I’m invited into tank rooms to taste the just-crushed juice that tastes like watermelon candy, or a wine halfway through fermentation.


Meanwhile, I’m invited into tank rooms to taste the pre-fermented, just-crushed juice that tastes like watermelon candy, or a wine halfway through fermentation that has gotten all yeasty and hints at blackberry cobbler. And then come back, they urge, to bottle this effervescent pét-nat and taste this field blend rosé made using whole-cluster fermentation. They’re letting me sample their six-year muscat sherry project, which they kept secret from their own winery owner but which will be delicious, you can tell.


But throughout all of my harvestings and crushings and tastings, the one person I haven’t been able to reach is Regan Meador of Southold, who is, naturally, harvesting and crushing, and so I have all but written off the visit as a chimera, destined for another trip. Until it occurs to me on the last day that I can still wind my way to the top of the hill and witness the mythical tasting room, a house on a ridge, on my own.


So that’s what I do, squeezing it in before my last winery visits in Driftwood, on the way to Austin and then back up to Dallas. In my haste, I peel out, skidding and fishtailing on loose gravel roads, so that my car will later begin to make a strange flapping sound on the freeway as I head home, taking I-35 at 80 mph from Austin. (I came down Highway 281, obviously, because it’s more beautiful.) I will realize I have torn up the underside of one wheel well as I lie on the asphalt at a gas station, binding it up with cheap plastic twine.


But for now, what opens up before me is a house and a stunning view across two valleys. I am looking south down to the Pedernales River and to the north, through the rootstock vineyard, to its shimmering tributary. Windswept and breathless, I blow in like a tumbleweed only to find that the woman behind the counter, knitting from a skein of heathered gray wool, is the assistant winemaker, Adrienne Ballou, whose résumé I know and have been following.

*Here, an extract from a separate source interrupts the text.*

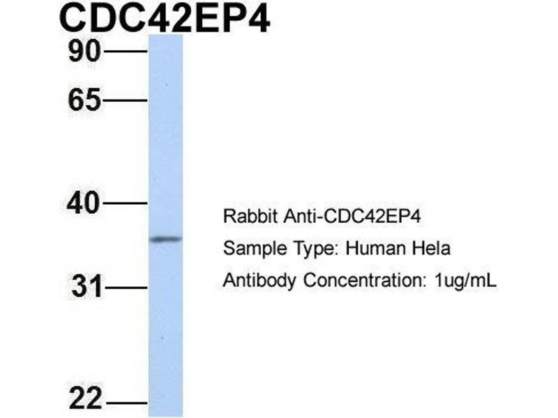 - This is a rabbit polyclonal antibody against CDC42EP4. It was validated on Western Blot using a cell lysate as a positive control.

I am here, at last, and I am completely smitten with this enchanted house upon the hill. The tasting room is an ethereal vision of white, like bleached driftwood, with people nestled in swings on the back porch, sipping from glasses of alicante bouschet, overlooking the valley below.


I take the vision with me. Just as I take the clouds and the limestone bluffs. Just as I take bottles of new varietals and stories of innovative collectives. Just as I take the lowing cattle and the glow-stick-bedecked ravers. Back down the gravel-slicked hill. Back to my pandemic-rocked city.